Enquanto sanitaristas e especialistas opinam sobre empurrar a eleição mais pra frente, inclusive com movimento jurídico dentro do Congresso para que isso ocorresse, tirando, de certo modo, a rigidez necessária da nossa norma constitucional, os cartolas, os empresários ou até mesmo os anunciantes de cotas pagas querem a bola rolando no Brasil. Bolsonaro também quis em um momento mais crítico do que esse. 

Panem et circenses, no original em Latim: pão e circo. A velha e boa tática dos romanos desde quando o mundo é mundo é utilizada de novo na jogada. Colocar o povo para se entreter e esquecer dos problemas reais aos quais ainda vivenciamos. 

Utilizar da arena, literalmente, não é de agora. No tempo do império romano, rico, em meio as mazelas dos pobres, nas grandes áreas eram postos espetáculos envolvendo gladiadores, animais ferozes, corridas de bigas, quadrigas, acrobacias, bandas, espetáculos com palhaços, artistas de teatro e corridas de cavalo. A população esquecia dos problemas e ia ao delírio. O futebol pode ser abarcado nessa vertente em tempos atuais. 

A Copa do Nordeste voltará com suas partidas finais da primeira fase. Salvador e outras cidades baianas foram escolhidas como sedes do certame. Garantem um protocolo rígido para jogos só com jogadores e aparato técnico essencial. Sem público. Até aí, tudo bem, mas cogitar utilizar a Arena Fonte Nova para tal foi algo extremamente irreal. Ali funciona um dos hospitais de Campanha do governo do Estado com pacientes com Covid-19. 
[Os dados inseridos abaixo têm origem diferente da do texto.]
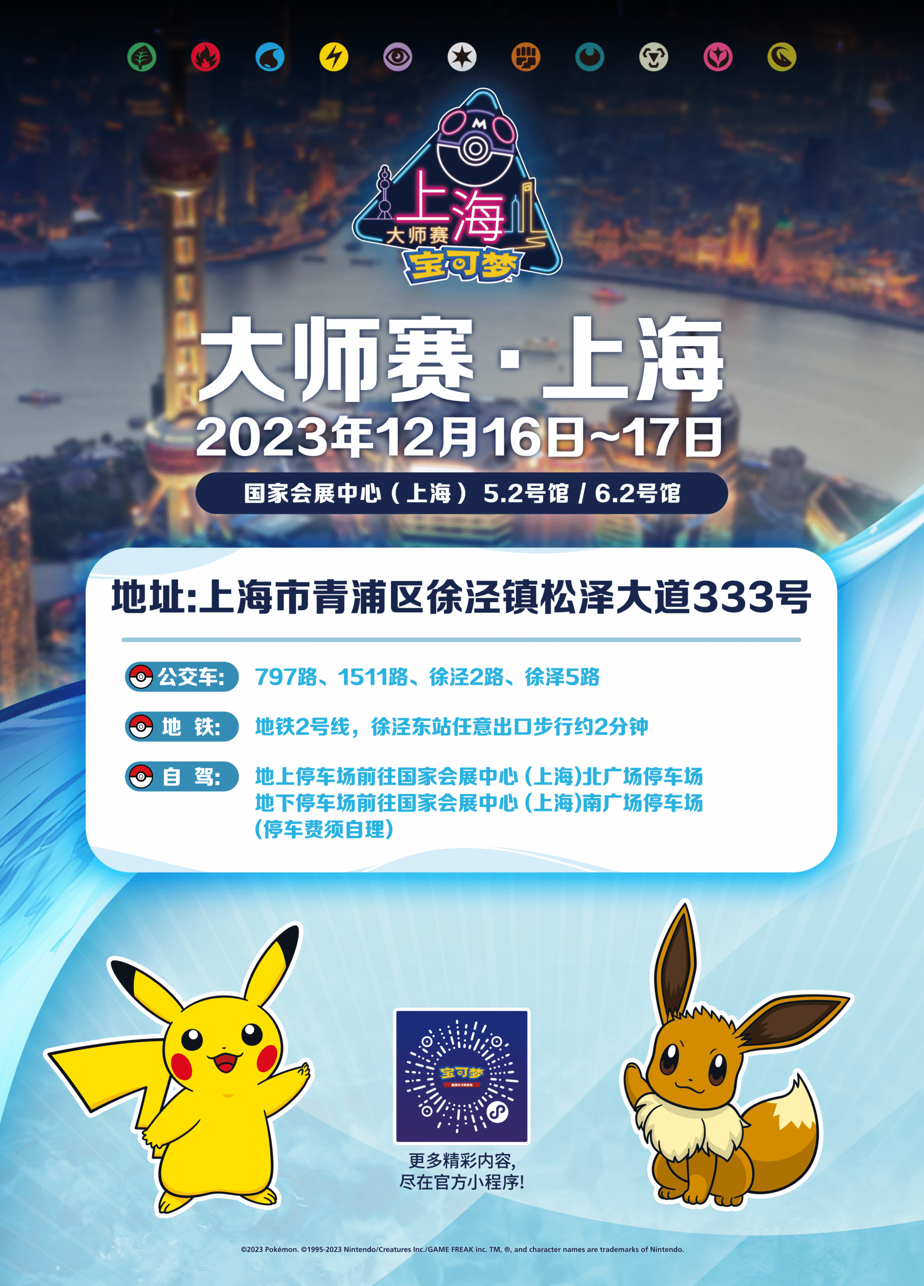 “2023宝可梦卡牌大师赛·上海”(以下简称“大师赛·上海” )将于12月16日~17日在国家会展中心(上海)5.2号馆&6.2号馆举办。
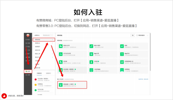 据有赞方面介绍,商家可在有赞微商城或有赞零售后台通过“应用-销售渠道-爱逛直播”路径,免费开启爱逛直播。
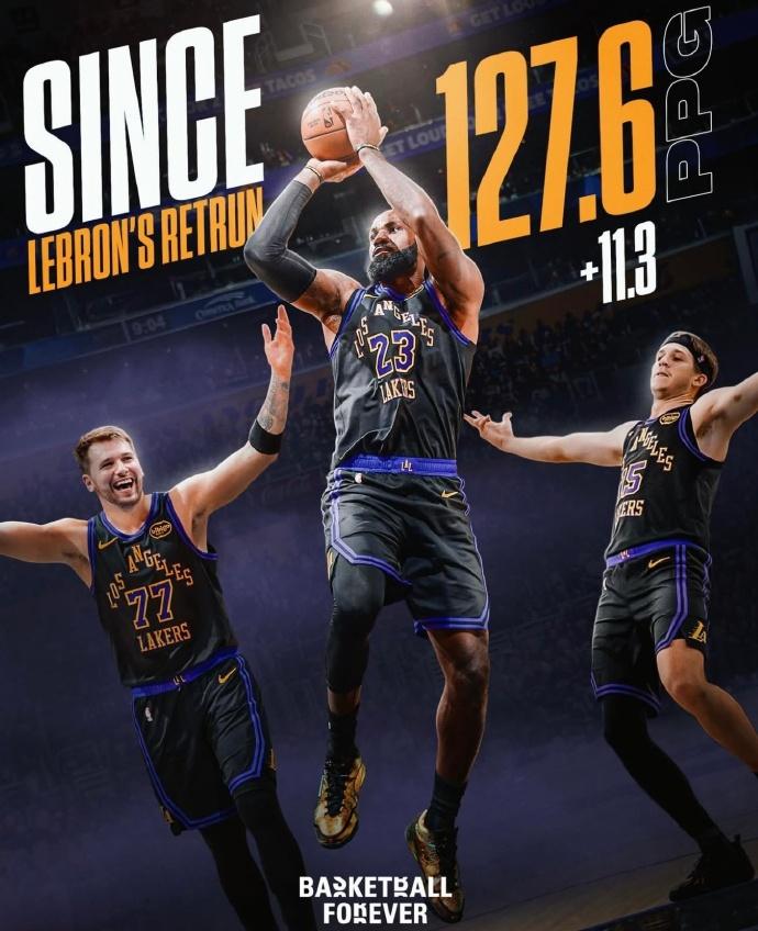 自詹姆斯回归以来: ——湖人场均得分:116.3分→127.6分(+11.3分) ——湖人战绩:3胜0负 ——进攻效率值联盟第2 ——净效率值联盟第7 詹姆斯目前的打法,是纯粹的湖人队第三人。 首发跟着东契奇和里夫斯,球权基本在东契奇手里,詹姆斯蹲在弱侧当投手,适时空切接球攻击篮筐。 到了轮换阶段,东契奇休息,詹姆斯和里夫斯搭档,里夫斯是持球核心,詹姆斯会相对拿到一些处理球的机会,在强侧背身2打2,或者在弧顶打高位挡拆,当里夫斯持续进攻的时候,他就会蹲在弱侧底角当投手。 从这几场比赛来看,詹姆斯对自己的定位很清楚,他的体能也没办法支撑大量的持球在手,上赛季已经放权了,本赛季放的更彻底一些,然后带来的好处就是,詹姆斯的防守上来了。 遇到小后卫还是被一步过,但对付4-5号位,詹姆斯完全能里去顶一顶,而他体能充沛的另一个象征,是能够在油漆区两侧完全快速移动的协防和补防了,打快船这一场球尤其明显。 这就是顶级球员的适应能力,回来打3场球,成了万金油球员了,且方方面面做的还不错,这么不劳心的打法,再干3年也没问题。

Não seria, em tese, ilegal - há controvérsias quanto a isso -, mas extremamente imoral e desumana a utilização do campo. No mesmo local, um pouco mais acima, na área do lounge, há pessoas convalescendo com o maldito vírus, em leitos de UTI. Pessoas que chegam até a falecer. Onde vai o limite do respeito humano para aqueles que defendem a utilização do espaço, como membros do primeiro escalão do Palácio de Ondina e interessados na área comercial? 

O governador Rui Costa (PT), que busca ter o lastro popular, creio, para poder tomar sua decisão definitiva com maior envergadura, a priori, não liberou o espaço. Atitude correta! É sabido o quanto o petista tem sido pressionado por setores econômicos para a retomada do espaço, mas a fala do governador em entrevista recente merece destaque: “Não me agrada ter jogo no gramado e gente na UTI, na ala de cima, e pessoas, eventualmente, indo a óbito”.

A Federação recuou diante da situação e antes mesmo de uma ação final por parte do Estado, avisou que não mais utilizaria a Arena. Mas esse fato não deveria ter sido nem considerado enquanto uma unidade hospitalar especial ali funcionasse. 

O Brasil não chegou ao nível da Europa ao ponto de retomar o futebol. Os países europeus já conseguiram fazer um controle considerável e ainda assim foi alvo de protestos de autoridades da área de saúde e dos próprios jogadores. Não vamos longe: horas antes da final da Taça Rio, no Rio de Janeiro, no Maracanã, duas pessoas morreram no hospital de campanha ali instalado na área do estacionamento. Pelo futebol vale o desrespeito ao luto? A banalização da morte diante de tantos que já faleceram por causa do coronavírus? É um pão amassado pelo diabo e um circo do horrores.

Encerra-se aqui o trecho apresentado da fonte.